Frae the Chair

Dear Clansfolk,

I hope that you all had a relaxing summer. With fall just a few days away, it amazes me that I am hiding away from the heat in my air-conditioned home while some of our citizens are experiencing snow in Alberta. I had a wonderful time at the Fergus Highland Games in August and met many clan groups. I welcome all of our new members. Please continue to send notice of your activities to our Webmaster or Secretary so that we can advertise your events on our website.

In our next issue, we will be sending out more information about the Great Canadian Kilt Skate in Toronto. This event is expanding and we are hoping to have a venue (mostly likely at tent at Nathan Philips Square) to advertise Scottish Clans and Societies.

I have just spent a week with my grade 10 history class talking about history and identity. Many of my students do not know about their own histories. I have challenged them to talk to their parents and grandparents about the family stories that help to form their basis for their own journey. Whether it is creating a family tree or investigating how and why their families made the long journey to Canada (often leaving much of value behind); family history is important. In fact, Canada is built on a mountain of these individual stories.

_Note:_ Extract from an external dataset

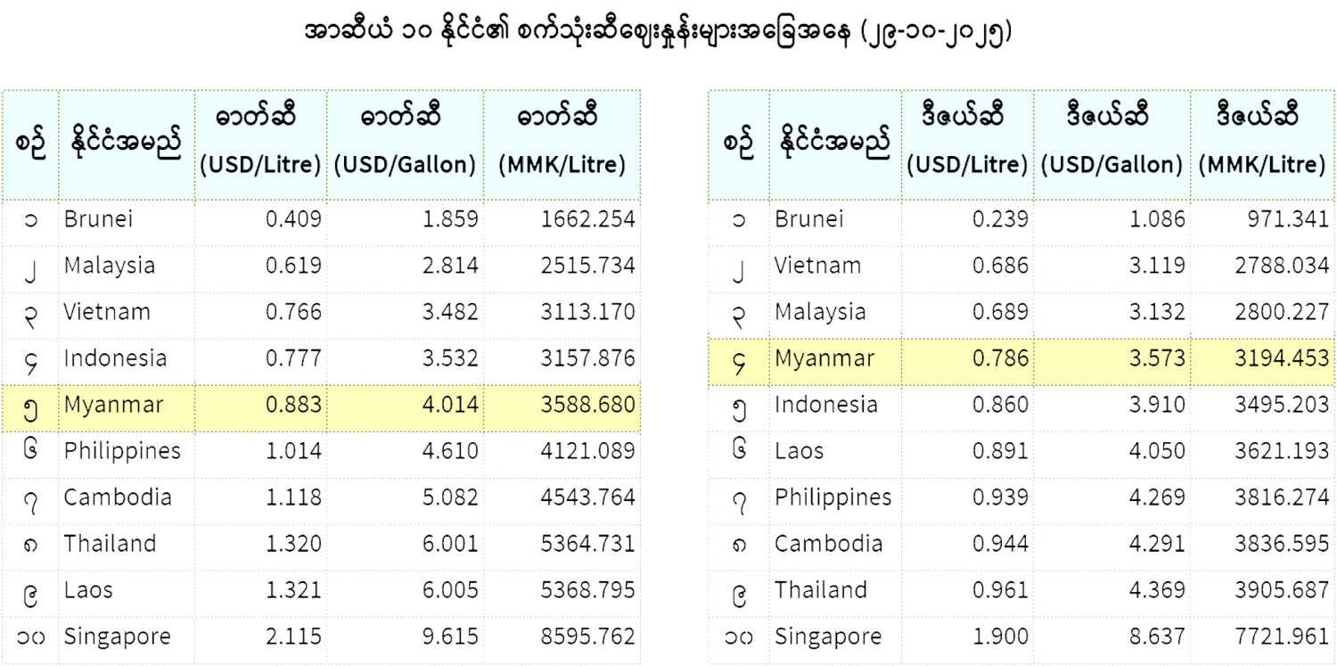 ယင်းသို့ ဆောင်ရွက်နေသည့်ကာလများအတွင်း စက်သုံးဆီများကို ပြည်ပမှဝယ်ယူတင်သွင်း အသုံးပြုရာ၌ အများပြည်သူသို့ သက်သာသောဈေးနှုန်းဖြင့် ဖြန့်ဖြူးနိုင်ရန် နိုင်ငံတော်မှရာခိုင်နှုန်းတစ်ခု စိုက်ထုတ်ကျခံဆောင်ရွက် ပေးလျက်ရှိသည့်အတွက် မြန်မာနိုင်ငံတွင်ရောင်းချလျက်ရှိသည့် စက်သုံးဆီဈေးနှုန်းများသည် ဒေသတွင်းအာဆီယံ နိုင်ငံများနှင့်နှိုင်းယှဉ်ပါက အထိုက်အလျောက်သက်သာမှု ရှိသည်ကို တွေ့မြင်နိုင်သည်။

The Opening Ceremonies of the 2010 Vancouver Olympics included a presentation by Spoken Word artist Shane Koyczon, entitled We are More, quoted below.
" We are young, we are cultures strung together then woven into a tapestry
And the design is what makes us more than the sum totals of our history"

While the design of this tapestry continues to evolve, our roots help to strengthen the threads. Our youth need to understand this.

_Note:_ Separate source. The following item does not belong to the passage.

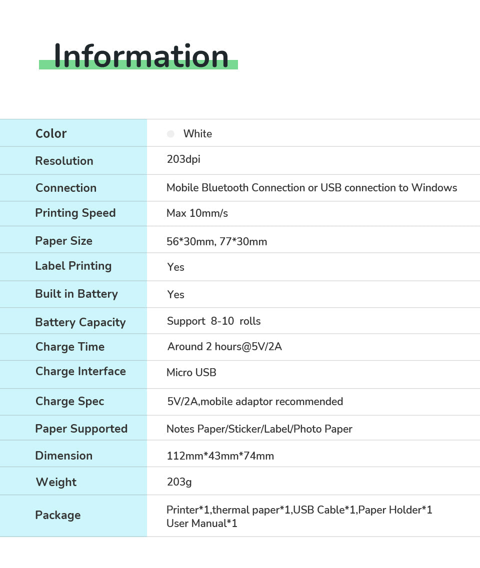 Paper Supported: Notes Paper/Sticker/Label/Photo Paper

I challenge you to share a family account, an historical document, picture or something of your own story with one of your children or grandchildren. Perhaps you could tell of the legends of your clan, or the history behind your name. Spend some time with our young. Lure them away from their screens and entertain them with real stories and family characters. In the process, they may just understand themselves and their place in this great country a little better.